___ Records shown

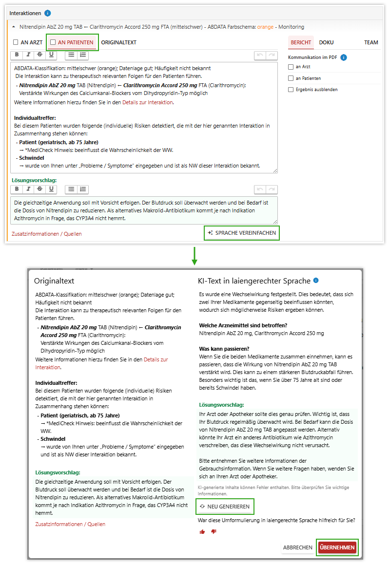 Im Bereich der Checktreffer "Interaktionen" und "Kontraindikationen" haben Sie für die Zielgruppe "Patienten" die Möglichkeit, durch Klick auf den Button "Sprache vereinfachen" den Text des Lösungsvorschlags in eine patienten- bzw. laiengerechte Sprache zu übersetzen. Weitere Checktreffer sind bereits in Arbeit.
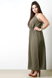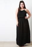 This plus size maxi dress features a woven fabric, halter neckline, lace back detail, and sleeveless construction. Finish with two side slits and cinched elasticized waist. Accessories sold separately. Made in U.S.A. 100% Polyester.
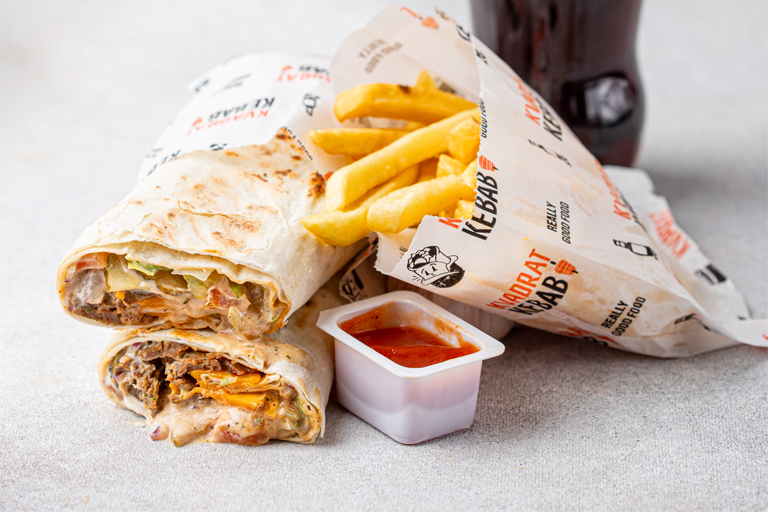 кебаб розмір M, картопля фрі, напій на вибір (Coca-Cola, Fanta, Sprite, Bonaqua)
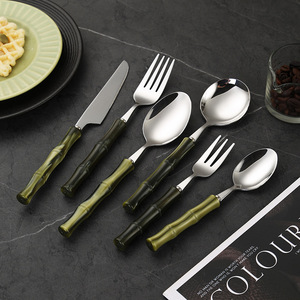 高颜值绿色亚克力竹节304不锈钢刀叉勺猫眼黄亚克力餐具酒店刀
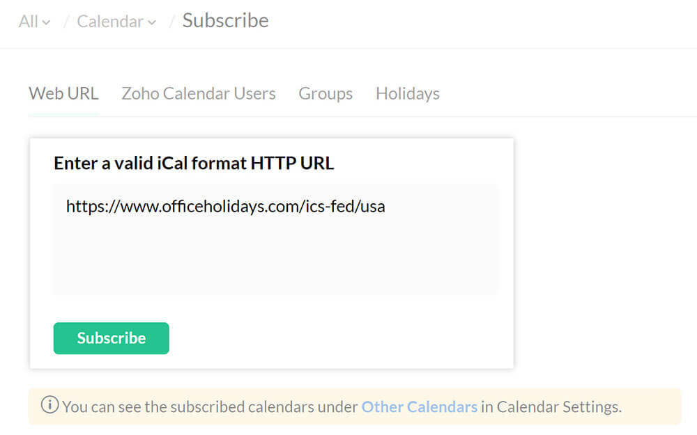发现了一个公共日历,想要将其融入您自己的日程表?只需选择该日历的 URL,然后将其添加到 Zoho Calendar 中。
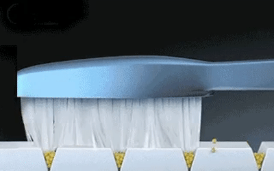 而刷毛更是采用了65孔高密植毛,难以想象,这小小的刷头上,竟然有65束刷毛,每束又有上百根。密度是普通牙刷的2倍还多。
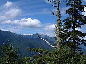 | 峠からの景色は非常に素晴らしく、青空の中を急速に流れていく雲が印象的だった。写真左と写真中央が山梨側、写真右が静岡側の景色。峠には山梨側と静岡側の林道の看板が仲良く並んでいる。 | ||||||||||||||
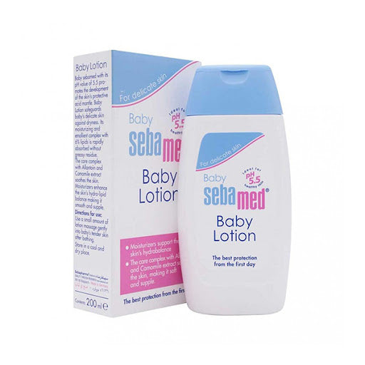 Sebamed Baby Lotion gets rapidly absorbed without greasy residue. Gently protects and safeguards baby's delicate skin against dryness. It contains allantoin that makes the skin smooth and supple while chamomilla recutita extract counteracts inflammation and irritation of the skin.
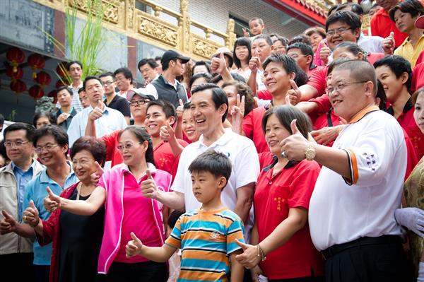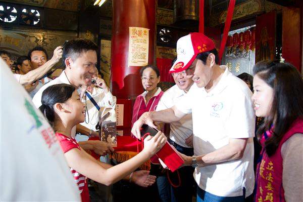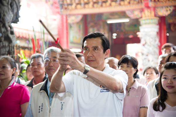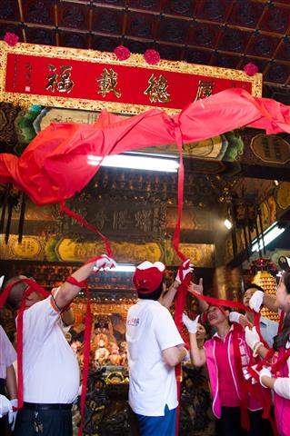 馬英九總統下午前往雲林縣斗六市進行百年老廟巡禮活動,分別為新興宮「福載德厚」與受天宮「布澤化度」揭匾,並參香祈求風調雨順、國泰民安。
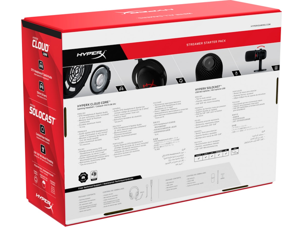 HyperX Streamer Starter Pack er en bundle til kommende streamere, som er ivrige efter at komme i gang med at skabe indhold til deres fremtidige fans. Vi ved, at vejen til at blive en indholdsskaber på fuld tid kan være lang, og derfor er HyperX Cloud Core designet med tanke på komfort. Behageligt memory foam og blødt, førsteklasses kunstlæder er komfortabelt for ørerne – selv under lange gamingsessioner. Denne bundle indeholder også HyperX Solocast, en USB-kondensatormikrofon med flere smarte funktioner, f.eks. den praktiske trykknapsensor til frakobling af mikrofon samt en drejelig fod, som kan tilpasses mange forskellige opsætninger. En fantastisk gave til streamere, som sidder klar til at tage på en rejse mod streamingberømmelse.
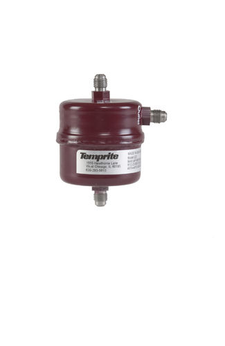 Temprite’s 300 Series of hermetic coalescent oil separators have the advantage of being one of the smallest oil separators available for their capacity. Originally designed for refrigerant recovery/reclaim systems, 300 Series units are often used in the scientific field for ultra-low critical temperature ranges. 320 and 340 Series units are 99.995% efficient in removing particulates between 0.3 and 0.6 microns (μm) and separating oil from the mass flow. The elimination of the float ball and internal oil reservoir maximizes efficiency by minimizing oil carryover. Metering the oil return back to the compressor may be done by a variety of methods including a capillary tube, a metered orifice or a timed solenoid.
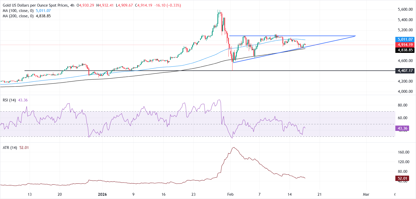 Dari perspektif teknis, grafik 4 jam menyoroti tarik menarik yang jelas antara para pembeli dan penjual, mencerminkan ketidakpastian pasar. Harga diperdagangkan di bawah Simple Moving Average (SMA) 100-periode di $5.011,07 dan bertahan di atas SMA 200-periode di $4.838,85, meninggalkan bias campuran dengan kecenderungan bearish ringan.
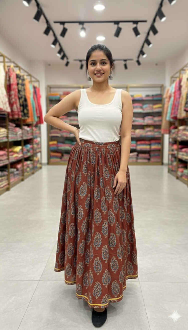 Embrace traditional elegance with this rust brown handblock printed cotton skirt for women, featuring classic paisley motifs that highlight timeless Indian artistry. Crafted from premium breathable cotton, it offers a flowy flared silhouette, golden lace border, and a comfortable waistband perfect for all-day wear. Ideal for festive occasions, vacations, or casual outings — pair it with a white or beige top for a chic ethnic look. Celebrate handcrafted beauty with Natural Fab’s artisanal cotton skirt collection.
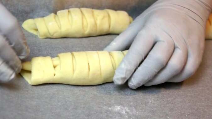 9. Zawiń w rogal, powtórz proces z resztą ciasta i kremem.

______

■ Required action:
Set down the full listing above with its wording unchanged. Leave out its images.

■ Solution below:
 Im Bereich der Checktreffer "Interaktionen" und "Kontraindikationen" haben Sie für die Zielgruppe "Patienten" die Möglichkeit, durch Klick auf den Button "Sprache vereinfachen" den Text des Lösungsvorschlags in eine patienten- bzw. laiengerechte Sprache zu übersetzen. Weitere Checktreffer sind bereits in Arbeit.
 This plus size maxi dress features a woven fabric, halter neckline, lace back detail, and sleeveless construction. Finish with two side slits and cinched elasticized waist. Accessories sold separately. Made in U.S.A. 100% Polyester.
 кебаб розмір M, картопля фрі, напій на вибір (Coca-Cola, Fanta, Sprite, Bonaqua)
 高颜值绿色亚克力竹节304不锈钢刀叉勺猫眼黄亚克力餐具酒店刀
发现了一个公共日历,想要将其融入您自己的日程表?只需选择该日历的 URL,然后将其添加到 Zoho Calendar 中。
 而刷毛更是采用了65孔高密植毛,难以想象,这小小的刷头上,竟然有65束刷毛,每束又有上百根。密度是普通牙刷的2倍还多。
 | 峠からの景色は非常に素晴らしく、青空の中を急速に流れていく雲が印象的だった。写真左と写真中央が山梨側、写真右が静岡側の景色。峠には山梨側と静岡側の林道の看板が仲良く並んでいる。 | ||||||||||||||
 Sebamed Baby Lotion gets rapidly absorbed without greasy residue. Gently protects and safeguards baby's delicate skin against dryness. It contains allantoin that makes the skin smooth and supple while chamomilla recutita extract counteracts inflammation and irritation of the skin.
 馬英九總統下午前往雲林縣斗六市進行百年老廟巡禮活動,分別為新興宮「福載德厚」與受天宮「布澤化度」揭匾,並參香祈求風調雨順、國泰民安。
 HyperX Streamer Starter Pack er en bundle til kommende streamere, som er ivrige efter at komme i gang med at skabe indhold til deres fremtidige fans. Vi ved, at vejen til at blive en indholdsskaber på fuld tid kan være lang, og derfor er HyperX Cloud Core designet med tanke på komfort. Behageligt memory foam og blødt, førsteklasses kunstlæder er komfortabelt for ørerne – selv under lange gamingsessioner. Denne bundle indeholder også HyperX Solocast, en USB-kondensatormikrofon med flere smarte funktioner, f.eks. den praktiske trykknapsensor til frakobling af mikrofon samt en drejelig fod, som kan tilpasses mange forskellige opsætninger. En fantastisk gave til streamere, som sidder klar til at tage på en rejse mod streamingberømmelse.
 Temprite’s 300 Series of hermetic coalescent oil separators have the advantage of being one of the smallest oil separators available for their capacity. Originally designed for refrigerant recovery/reclaim systems, 300 Series units are often used in the scientific field for ultra-low critical temperature ranges. 320 and 340 Series units are 99.995% efficient in removing particulates between 0.3 and 0.6 microns (μm) and separating oil from the mass flow. The elimination of the float ball and internal oil reservoir maximizes efficiency by minimizing oil carryover. Metering the oil return back to the compressor may be done by a variety of methods including a capillary tube, a metered orifice or a timed solenoid.
 Dari perspektif teknis, grafik 4 jam menyoroti tarik menarik yang jelas antara para pembeli dan penjual, mencerminkan ketidakpastian pasar. Harga diperdagangkan di bawah Simple Moving Average (SMA) 100-periode di $5.011,07 dan bertahan di atas SMA 200-periode di $4.838,85, meninggalkan bias campuran dengan kecenderungan bearish ringan.
 Embrace traditional elegance with this rust brown handblock printed cotton skirt for women, featuring classic paisley motifs that highlight timeless Indian artistry. Crafted from premium breathable cotton, it offers a flowy flared silhouette, golden lace border, and a comfortable waistband perfect for all-day wear. Ideal for festive occasions, vacations, or casual outings — pair it with a white or beige top for a chic ethnic look. Celebrate handcrafted beauty with Natural Fab’s artisanal cotton skirt collection.
 9. Zawiń w rogal, powtórz proces z resztą ciasta i kremem.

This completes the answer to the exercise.